From FreeAllegiance Wiki
Jump to navigationJump to search
The original post this page is based on can be found here
Author's note: The author prefers to use 'flawed' in place of 'broken'. The choice of title was a direct response to the common in-game cry of "Helo is broken!" --Sgt_Baker 15:08, 15 December 2007 (CST)

At 7:27am on September 22nd 2005, Pook began collecting game statistics using ASGS and TAG. The goal was to use a derivative of the Elo system to generate ranks for players and eventually use these ranks as the input data for an automated balancing system. The reasoning behind this effort is relatively easy to digest: Despite everyone's efforts to the contrary the community has a tendency to organize games which are stacked to a lesser or greater extent. This is not to suggest that stacks are always contrived and deliberate. Numerous factors play upon the development of a stack, many of which are a result of natural trends in human behavior combined with the nuances and complexities inherent in Allegiance's (quite wonderful) structure of game play.

At this juncture it is worth noting that Pook and the admin team should not be held responsible for any perceived failure of our ranking systems so far. The subject of ranking is vast and incredibly complex, especially when attempting to rank individual players in a team-based game such as Allegiance. Pook has freely admitted that he has neither the time nor the expertise to embark upon a fully fledged investigation into this field and as such was forced, in good faith, to utilize the best tools available to him to implement a ranking system. Any failure of ranking to date is entirely a result of the improper implementation and poor design of Elo/Helo.


So, what exactly is the problem with Helo?

Allegiance Helo is a system on top of a system on top of a system, with Professor Arpad Elo's (they always seem to have funky names. In fact I'm contemplating renaming AllegSkill... "Bob" is my anti-weird-name-o-mat retort :D) rating system sitting at the bottom of the pile. Elo was developed to statistically measure the relative skill of players of 1 vs 1 competitions and it does so rather well. Since its inception it has been adopted as the principal ranking system by the United States Chess Federation and a number of other sporting bodies. It is important to note, however, that Elo was only ever intended to measure the performance and skill of individuals in competition with other individuals.

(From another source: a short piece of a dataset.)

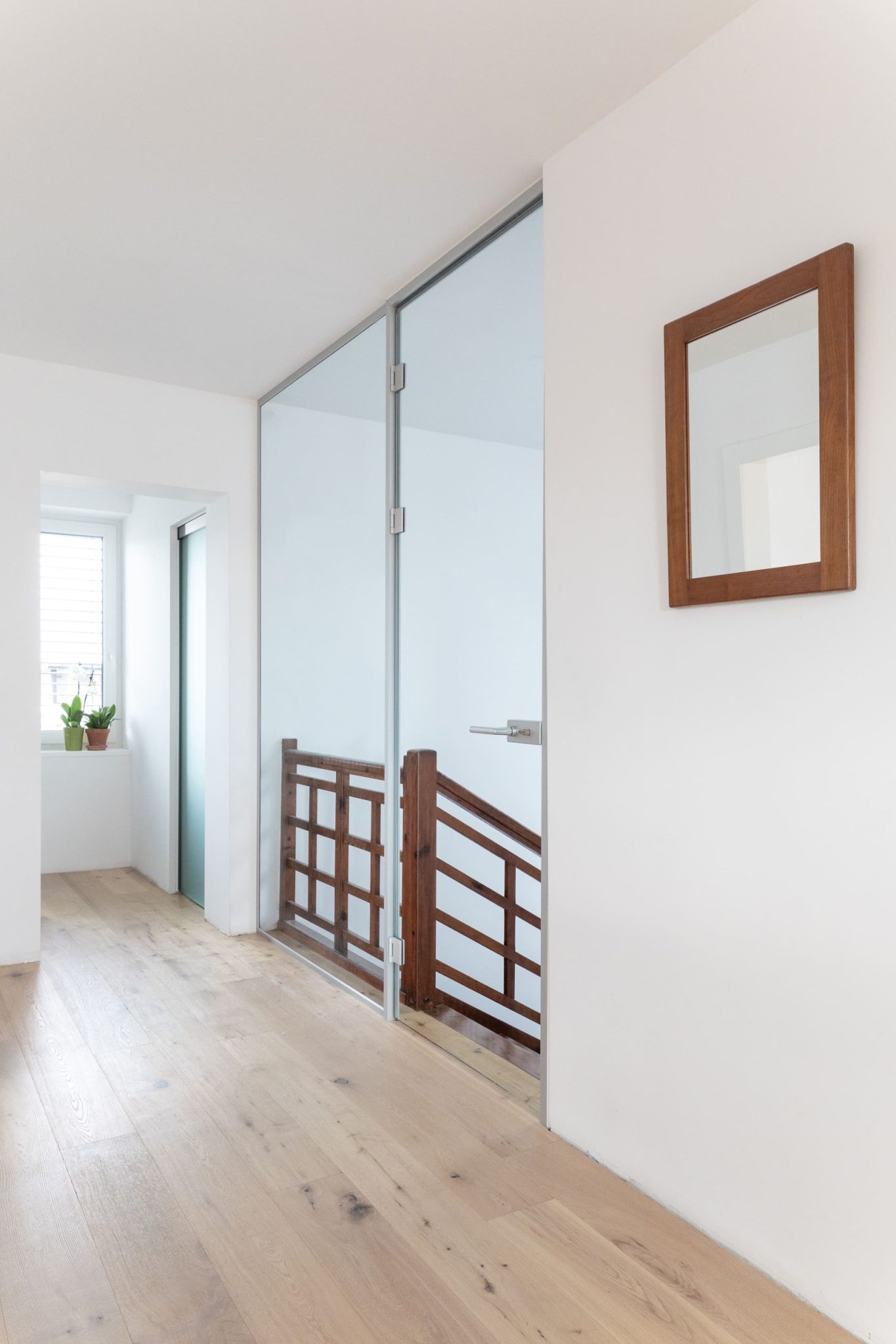 Prav tako so se zelo trudili ohraniti vse uporabne stare elemente, na primer stropnike. »Pristop je bil tak, da ne posegamo v tisto, kar je dobro, kar je ohranjeno. Stropniki so del prvotnega ostrešja, skoblani, že to da svoj čar prostoru. Naročnik jih je sam zaščitil z oljem, osvežil barvo,« povesta arhitektki in dodata, da je v prvotni obliki ostalo ohranjeno tudi stopnišče iz pritličja v mansardo.

Given the obvious popularity of the Elo system it has become the staring point for numerous other ranking systems, the most notable in this context being the ranking system developed for HALO. I'm not entirely certain of the development history behind HALO-Elo, but it is an attempt to address team-based play. This is where things begin to come unstuck. Team play presents numerous problems for the developer of any ranking system, since for any given player one is now attempting to measure the interactions between multiple parties, both those on the opposing team and those on the friendly team. From a mathematical point of view the complexity of this problem increases exponentially as team sizes increase. The number of potential interaction for a 10 vs 10 game is truly astonishing. HALO-Elo's approach to solving this problem is essentially "Just average everything and it'll be fine". This is quite literally the blunt implement approach, and completely ignores practically all the pertinent issues when considering team play.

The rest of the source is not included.